After of a couple of weeks sunning and sailplane racing in Florida it was straight back into the saddle for a London-based Quarterly Business Review and the excellent “Rise of AI” event in Berlin. Following a year of attending various international AI events I’m starting to develop a feel for their differing textures and here is my current evaluation.
So far, I’ve sampled:
- Pure AI events
- High Performance Computing (HPC) events which include some AI
- Vendor events promoting technology which can accommodate AI
- AI pavilions at general computing events
- AI technology conferences (like NVIDIA GPU technology conferences))
- AI user groups
I enjoy the pure AI events the most, likely because most of the material and concepts are new and interesting. The “Rise of AI” last week had a great cross section of the AI industry attendees including a few veterans from the 80s 'expert systems' era but more commonly freshly minded PhDs in machine learning. The three speaking tracks had a great balance of industry predictions, AI technologies and product showcases with only standing room remaining at many of the sessions.
As an industrial scale data center specialising in HPC and intensive computing, we’re rather attracted to the deep neural network (DNN) training folks who needs 100s of kW of servers and GPUs running non-stop, hence I focused on the DNN crowd attending in abundance. It’s amazing that you often get better engagement with good prospects queuing for coffee than standing on a booth! Such was my luck. My favourite sales and technical guys work both angles well. Below is the excellent Verne Global team we had at the conference:
I struggle to pick the best speaking slots from the extensive event programs. I was sure that the Natural Language session would be fascinating based on the large quantity of it being trained in our data center (check out DeepL as an example of that). So, I made a bee-line for the “Natural Language Processing – The Magic of Communication” by Dr. Aljoscha Burchardt. I arrived early to get a seat and caught the last 15 minutes of the previous talk “Can neuroscience inspire AI?” by Dr. Prateep Beed (below), and my goodness this was a real gem, introducing some concepts that have the capability to evolve the way we approach neural network training, it’s a pity that I missed the earlier part.
Deep neural network training today applies once unimaginable amounts of compute power to configure the network to efficiently perform a task like image recognition. Our brains have evolved much more efficient ways of doing that. Imagine how many times you need to be nearly eaten by some animal to learn to keep your distance. Some of Dr. Beed’s research is looking for these accelerators and how to improve the way machines learn. He gave us a primer on some neuroscience basics with catchy aide memoires:
Neurons that fire together wire together - A repeated task or observation will imprint itself effectively increasing your sensitivity to it.
Memories are actively remembered and forgotten - I always assumed that when I forgot something it was rather random. Something I tried to remember would disappear and others that had no real importance would loiter for years. Clearly, I need to work on my programming! The concept that our intelligence manages which data/DNN component is cached for immediate use, stored locally, stored for long-term retrieval or discarded is fascinating and will become increasingly important as DNNs have prolonged production environments.
Timing of, and direction of synaptic signals impactful - The DNNs I’ve encountered are unidirectional with the data entering at one end and the result being delivered at the other. Human synapses can have electrical or chemical neurotransmitters to build their logic. The electrical ones can be bi-directional, and the uni-directional chemical ones have many state options beyond the binary on/off. In both cases the neurotransmitters have a lifespan after which their activation is no longer effective. Just imagine how much more powerful today’s DNNs would be with some of these more complex attributes.

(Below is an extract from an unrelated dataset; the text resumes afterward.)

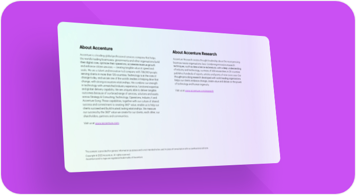 About Accenture About Accenture Research Accenture is a leading global professional services company that helps Accenture Research creates thought leadership about the most pressing the world’s leading businesses, governments and other organizations build business issues organizations face. Combining innovative research their digital core, optimize their operations, accelerate revenue growth techniques, such as data science-led analysis, with a deep understanding and enhance citizen services — creating tangible value at speed and of industry and technology, our team of 300 researchers in 20 countries scale. We are a talent and innovation led company with 738,000 people publishes hundreds of reports, articles and points of view every year. Our serving clients in more than 120 countries. Technology is at the core of thought-provoking research developed with world leading organizations change today, and we are one of the world’s leaders in helping drive that helps our clients embrace change, create value and deliver on the power change, with strong ecosystem relationships. We combine our strength of technology and human ingenuity. in technology with unmatched industry experience, functional expertise and global delivery capability. We are uniquely able to deliver tangible Visit us at www.accenture.com/research outcomes because of our broad range of services, solutions and assets across Strategy & Consulting, Technology, Operations, Industry X and Accenture Song. These capabilities, together with our culture of shared success and commitment to creating 360° value, enable us to help our clients succeed and build trusted, lasting relationships. We measure our success by the 360° value we create for our clients, each other, our shareholders, partners and communities. Visit us at www.accenture.com This content is provided for general information purposes and is not intended to be used in place of consultation with our professional advisors. Copyright © 2023 Accenture. All rights reserved. Accenture and its logo are registered trademarks of Accenture.

Transference problem - solve issue with modest data - We can transfer learning from one problem to the next like using tennis skills in badminton. Imagine the possibilities if tasks can be recognised as similar using DNN components from one to another, to solve a similar puzzle, when there is insufficient data for the second’s own DNN training.
This sort of neuroscience-based insight maybe why IBM added native NVLink support to their Power8/9 CPUs. I keep finding folks who want to test their machine vision type DNN training on Power9 to verify the rumours that it significantly reduces DNN training time.
These insights imply that we are just beginning a long DNN adventure where the current technology is analogous to Bell 212, 1,200 bits per second, modems of the pre-Internet era. The next 30 years will be a blast!
My next AI event will be the AI Summit in London June 13/14th which looks like it could be superb. Let’s chat there. One of my colleagues, Wil Wellington, will also be presenting at the German AI meet-up in Hamburg on June 22nd and expects to have a great dialog with the experts there. And remember, all AI training roads lead to Iceland!